Depois de duas sessões sem quórum e quase nenhuma matéria apreciada este ano, a Câmara Municipal de Belo Horizonte votou nessa quarta-feira cinco vetos do prefeito Marcio Lacerda (PSB) a projetos aprovados por vereadores ano passado. No entanto, a pauta ainda continua travada por 50 vetos e 28 projetos de lei. A sessão até durou cerca de três horas, mas na maior parte do tempo os vereadores discutiram a relação da Câmara com a prefeitura, acusada de não respeitar a autonomia do legislativo com excesso de vetos, e trocaram farpas.
Houve até bate-boca entre os vereadores da base aliada por causa de críticas feitas pelo presidente Leo Burguês (PSDB) aos integrantes do PT e à decisão da prefeitura de permitir a construção de hotéis na Região da Pampulha.
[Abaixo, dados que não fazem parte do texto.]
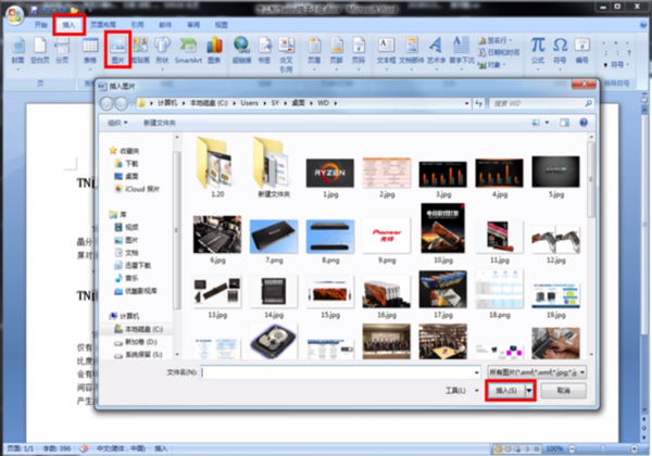 六、依次单击插入图片,然后选择准备好的素材图片,单击插入。

Na Câmara, PT e PSDB fazem parte da base de Lacerda. Para evitar a manutenção de vários vetos os vereadores pediram a retirada de pauta de oito projetos ameaçados de rejeição para tentar convencer os colegas a derrubar os vetos do prefeito.
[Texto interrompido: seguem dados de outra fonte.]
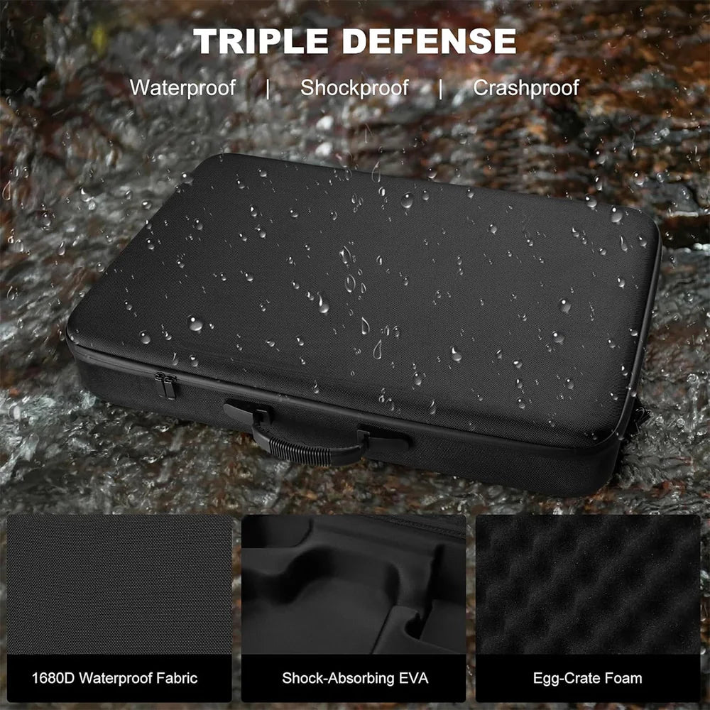 The Travel Storage Case for Starlink Gen 3 is designed to protect your Starlink devices during travel and outdoor activities. Made from lightweight, durable EVA material, it shields your equipment from drops, abrasions, and impacts. The custom-fit design accommodates the Starlink Gen 3 dish and router and features a shoulder strap and handle for easy carrying. With a stylish exterior, this case blends into outdoor settings, making it ideal for RV trips, camping, hiking, and more.

Com o clima pesado, as votações devem se arrastar pelos próximos dias. Já é dada como certa a convocação de reuniões extraordinárias, já que o atraso pode comprometer projetos importantes, entre eles o que reajusta o salário dos servidores do Legislativo municipal. A proposta de aumento dos cerca de 1.200 funcionários precisa ser votada e sancionada pelo prefeito até 10 de abril, caso contrário a categoria ficará sem reajuste. É que em ano eleitoral qualquer aumento para servidor público só pode ser concedido até essa data. O projeto prevê aumento de 10%, a ser pago em duas parcelas, nos meses de abril e agosto.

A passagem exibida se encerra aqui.